A tandem organization of binding sites is required for D1 activity

The aforementioned observation that the essential putative binding sites occur several times in the enhancer led us to investigate whether the structure of D1 bears functional significance to its enhancer activity. Notably, the 54-bp D1(ab) element (Figure 2A) contains the three previously mentioned conserved motifs O, T and G in addition to a putative Pax binding site (P), but D1(ab) is not sufficient to enhance reporter gene transcription (Figure 2C). Since each of the critical sites is represented at least twice in the full length enhancer, we asked whether D1 enhancer activity relies on this tandem-like repetition of essential binding sites. We created artificial enhancers containing multiple copies of D1(ab) and found that as little as two copies of D1(ab) were sufficient to drive strong lacZ expression in the anterior neuroectoderm (88% of 167 tailbud embryos (Figure 2D and 2E)).

To test whether enhancer activity of the D1(ab) dimer relies specifically on the duplication of O, T and G sites, we introduced point mutations in the second D1(ab) copy. Each of these mutations strongly reduced enhancer activity (Figure 2D). These observations are reminiscent of the requirement for multiple copies of bicoid binding sites for target gene activation during Drosophila head development [42] and the general tendency of binding sites to occur in clusters [43]. Our results demonstrate that duplications of critical binding sites are essential for D1 enhancer activity and do not constitute mere redundancy.

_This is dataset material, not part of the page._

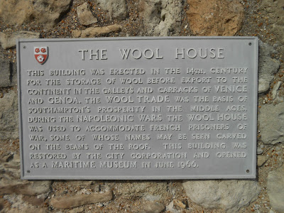 A couple of comments on the cruise. We left Southampton, traveled to France, Spain, Portugal, back to Southampton. We then spent a few days in England. What I enjoy the most and others who travel with me is the depth of history in Europe. I mean a lowly Wool House in Southampton is older than the discovery of the Americas. In the Reno area our oldest building is from the mid-1800's. But that Wool house or English wool had such an impact on fashion, costuming and history, all things near and dear to my heart!! To the interpreters of history, what a Story, the impact of sheep on fashion! One of my presentations was "Textiles and Fashionistas through History, Broad Edification of Portraits, 900-1800's" This Wool House went so well with my presentation I put it into the presentation.
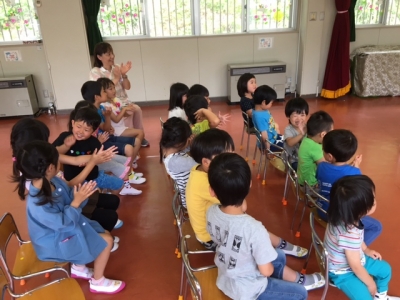 あいにくのお天気で、二階の遊戯室で行いました。

We next asked whether the distance between the duplicated 54bp elements influenced the activity of the artificial D1(ab) dimer. To this aim, we designed sequences that are not predicted to bind any characterized transcription factors from the Uniprobe database (see Materials and Methods) and inserted 25, 50, 75 and 150bp spacers between the D1(ab) duplicates. Overall, enhancer activity of these constructs is reduced compared to the original D1(ab) dimer and almost completely abolished with the 75bp and 150bp spacers (Figure 2F). Similar structural constraints were reported in the Drosophila knirps enhancer, which was shown to require a specific arrangement of duplicated bicoid binding sites for activation [44], [45]. Similarly, even-skipped enhancers contain a conserved structure of paired binding sites [46] and duplicated and relatively distant (30–200bp) TFBS are necessary for a correct activity of the SV40 enhancer [47] and the lac operon [48]. Taken together, our observations demonstrate that D1 enhancer activity relies on the clustering of duplicate short conserved sequences.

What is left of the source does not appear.